At once, this is both an unsurprising and genuinely risky venture from Osborne. Unsurprising, because the votes of the ‘grafting classes’ have always been his main political target. Indeed, the Chancellor’s Sun on Sunday interview is not the first time that he has made an appeal to ‘the person who leaves their house, maybe at seven in the morning. They are not paid a huge amount but they get out of bed and go to work to provide for their family.’ But risky because — in crafting the sort of economy where graft entails reward — some of Osborne’s likely measures, such as scrapping the 50p rate, are going to be unpopular with the very people he’s trying to win over.

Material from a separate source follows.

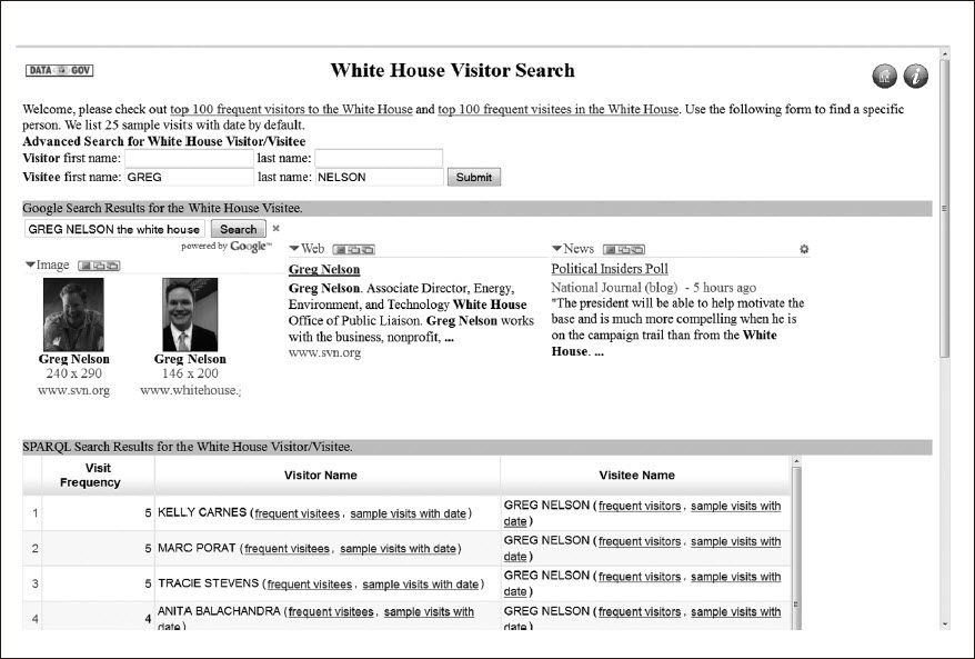 白宫访客记录的数据也很快就成为Data.Gov的一部分。没过多久,2010年4月,又有人利用这些数据在Data.Gov上开发了一个新的查询工具:白宫访客搜索(White House Visitor Search),这个工具,不仅可以按访问人、被访问人对原始数据进行查询,还利用语义网的技术,把相关人员的数据与其他网站的联接起来。

The best advertisement for this Budget would be economic recovery. But, in the meantime, Osborne’s case would be strengthened by the support of everyday SME-owners and employers, of the sort gathered in a letter to the Telegraph a few weeks ago. The Lib Dems are doing their best, with an internet campaign, to highlight what raising the income tax threshhold to £10,000 will mean for people’s pocketbooks. The Chancellor could do with his own poster children too.